WORTH AND GOODNESS AS MARKS OF THE ABSOLUTE


CRITICISM BY PROFESSOR MEZES


Not unworthy of note, in the exercises of this evening, is the fact that nearly all the participants have stood to each other in the relation of teacher and pupil. Only a few years ago, the meeting of such persons in a public discussion would have been nearly impossible; or, at all events, the key-note of the meeting would most probably have been an entirely genuine and yet somewhat monotonous agreement. But a frank independence of thought is the informing spirit of modern teaching in this country. Teachers care comparatively little to have students agree with them, but insist very strongly that they shall think out their own thoughts for themselves. Students are not merely informed of old solutions. They are rather trained and encouraged to think out new solutions, on the chance that the new may supplement some of the imperfections of the old. Some modern teachers even carry this so far as positively to distrust such students as agree with them. Now, Professor Royce is a typical modern teacher; and, indeed, in what I have just said, I am doing little more than repeat what I have often heard him say to his classes. For a long time, as I will now confess, it was desperately difficult to disagree with him and yet seem to oneself at all reasonable. For he has a way of mounting his facts in a setting of stringent logic, and of driving home his conclusions with the persuasive power of a finished rhetoric. But by dint of long and strenuous effort to look at things for myself, I have succeeded in meeting his requirement that I should disagree with him, and I have some hope of persuading you, and possibly Professor Royce too, that my disagreements are solidly founded. But of that you shall now judge.


I

NO WORTH AND DIGNITY PROVED OF THE ABSOLUTE

In considering Professor Royce’s position, as outlined in the address we have just heard, I shall limit myself to two criticisms. My first, in a word, is this: I cannot agree with the Professor that the Being whose existence, as I freely admit, he has fully established, has been proved by him to be a being possessing worth and dignity. When he says, that, under pain of self-contradiction, we must assert that an Ultimate Being exists, that he is fully conscious, that his experience is organised, or, what amounts to the same thing, that within his experience there are to be found no unanswered questions and no unsatisfied desires, I find the reasoning compulsory, inevitable. A confusion, an unanswered problem, a thwarted desire, in order to be such, holds in solution its own clarification, answer, or satisfaction, as the case may be. All this Professor Royce has expounded at some length, far more convincingly than I can, and I need not repeat it. But what I miss is, his promised proof that there is a real being worthy of the exalted name of God.

The difficulty I experience with his view may be stated in the form of a question: How does he find out what facts, what problems, confront the Absolute?

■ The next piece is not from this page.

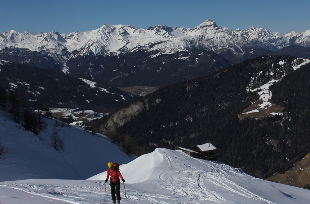 Tourenverhältnisse: Insgesamt wie überall wenig Schnee aber nordseitge Touren machbar.
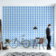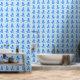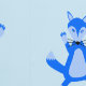 This awesome nursery wallpaper features a digital art image of a cute blue Baby Boy Fox with a black nose and whiskers, bright blue bushy tail and belly and even blue fingers and toes. A cute design for celebrating a baby boy.

To this question, the answer is not far to seek. Professor Royce accepts such facts and problems at the hands of current belief and science. That we all do the same, and must do so, is of course true, as a few words would make clear. But the important question, to be considered presently, is: Upon how many facts, thus attained, does philosophy, or rather Professor Royce’s philosophy, set its stamp of approval? At the present moment, my words, possibly a few thoughts and problems suggested by them, and what we feel and see, are the only facts directly present to us; and, as you will readily admit, the other moments of our lives are just about as meagrely supplied with directly verified data. That vast sum-totals of facts have existed in past ages, and that others are existing now in the distant stretches of space, we all confidently believe; but, observe, only on indirect evidence. We get at absent facts by means of memory, sympathetic thinking of the thoughts of others, and reasoning founded on these two, combined with personal observation. The existence of such a fact as the Crocker Building, we now get at by memory; we get to know the experiences and beliefs of our friends, acquaintances, and scientific co-workers who verify our results, largely by sympathetic thought; while the scientific historian reconstructs the Napoleonic period by very elaborate processes of reasoning and observation. And so we project idea after idea out of the present into the past, the distant, and the future, holding each to be a fact there, gradually peopling our previously empty world, and extending its bounds in thought till we come to believe in the complicated immensity of the universe of reality.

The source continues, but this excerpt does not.